# Private Unterhaltung? Was ist das?



## Heiko (15 Juni 2011)

Angemeldete User habe die Möglichkeit, untereinanden private Diskussionen zu führen, quasi ein "Gespräch unter vier Augen".
Wenn man mit der Maus über den Link "Unterhaltungen" (ganz rechts oben auf jeder Seite des Forums) schwebt, klappt eine Liste mit den aktuellen Unterhaltungen aus - wenn man schon eine führt.


Wenn man auf diese Unterhaltung klickt, kommt man direkt dahin.

Ein Klick auf "Unterhaltungen" bringt einen zur Übersicht der laufenden Unterhaltungen:

Eine neue Unterhaltung beginnt man mit Klick auf "Unterhaltung beginnen".
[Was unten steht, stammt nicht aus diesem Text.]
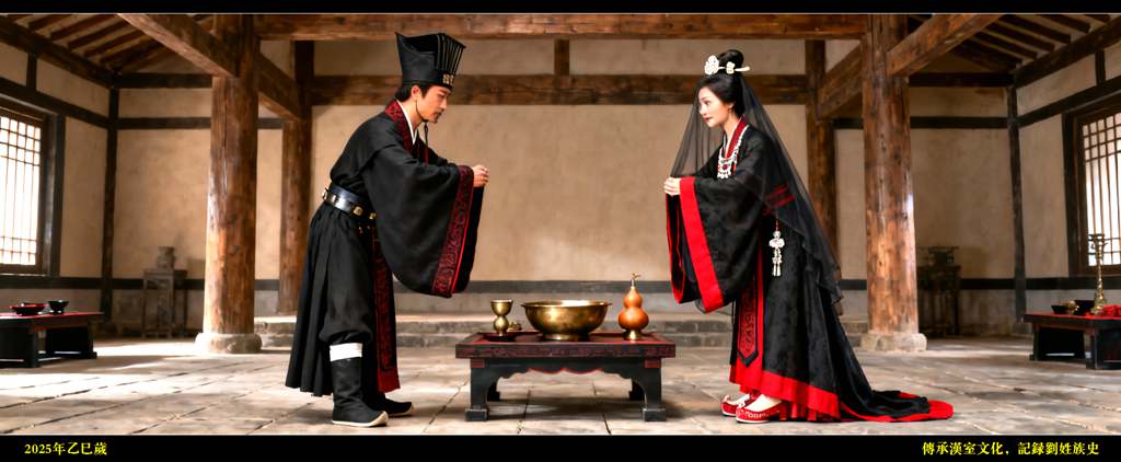 经验老到的喜娘快步引着刘季与吕雉在香案前站定,清了清嗓子,高声唱喏:“一拜天地——”二人并肩转身,对着院门外的天地深深一揖。风儿恰好吹过院门前的红绸,猎猎作响,仿佛天地也感应到这份姻缘,送上了无声的祝福。“二拜高堂——”新人缓缓转向父母,屈膝跪地叩首。刘媪看着眼前身着喜服的儿子儿媳,眼眶一热,悄悄用帕子沾了沾眼角;刘太公也捋着胡子不住点头,满脸欣慰,从袖中取出早备好的红封,放在一旁仆人端着的托盘上。“夫妻对拜——”红巾之下,吕雉微微颔首,动作端庄得体。刘季望着那片鲜红的喜帕,只觉满心的欢喜都要溢出来,依着礼数深深俯身,鼻尖似乎都能嗅到吕雉身上淡淡的脂粉香。礼成!众人齐声欢呼喝彩,喜娘高声宣布:“礼成!送入洞房!”欢声笑语顿时像潮水般淹没了整个院落,喜庆的气氛冲上了云霄!

Danach kann man sich die Empfänger aussuchen, die Software hilft mit Vorschlägen:

Man kann mehr als einen Benutzer zu der Unterhaltung einladen, dann haben alle die Benutzer Zugriff auf die Diskussion. Unter dem Eingabefeld für den Text kann man den anderen Teilnehmern erlauben, weitere Teilnehmer mit einzuladen. Das ist als Vorgabe *nicht *aktiv. In dem Fall darf nur der, der die Unterhaltung gestartet hat, andere Teilnehmer mit dazunehmen. Bitte beachten: die Anzahl der möglichen Teilnehmer kann begrenzt sein!

Wenn jemand in einer Eurer Unterhaltungen geantwortet hat, bekommt Ihr eine Hinweismail (könnt Ihr in Euren Einstellungen abschalten) und es erscheint ein roter Hinweis mit der Anzahl der ungelesenen Unterhaltungsbeiträge in der Kopfzeile im rechten oberen Bereich der Seite:

Wenn Ihr eine Unterhaltung beenden wollt, dann findet Ihr einen entsprechenden Textlink im oberen Bereich der Seite. Nach Klick darauf habt Ihr die Auswahl, wie es weitergehen soll:

*Bitte beachten: *diese privaten Unterhaltungen werden nur von den Benutzern gesehen, die Ihr dazu eingeladen habt. Ihr erhaltet auf Eure Fragen auch nur von den Benutzern Hilfe. Haltet Euch auch in den privaten Diskussionen bitte an die geltenden Gesetze.


----------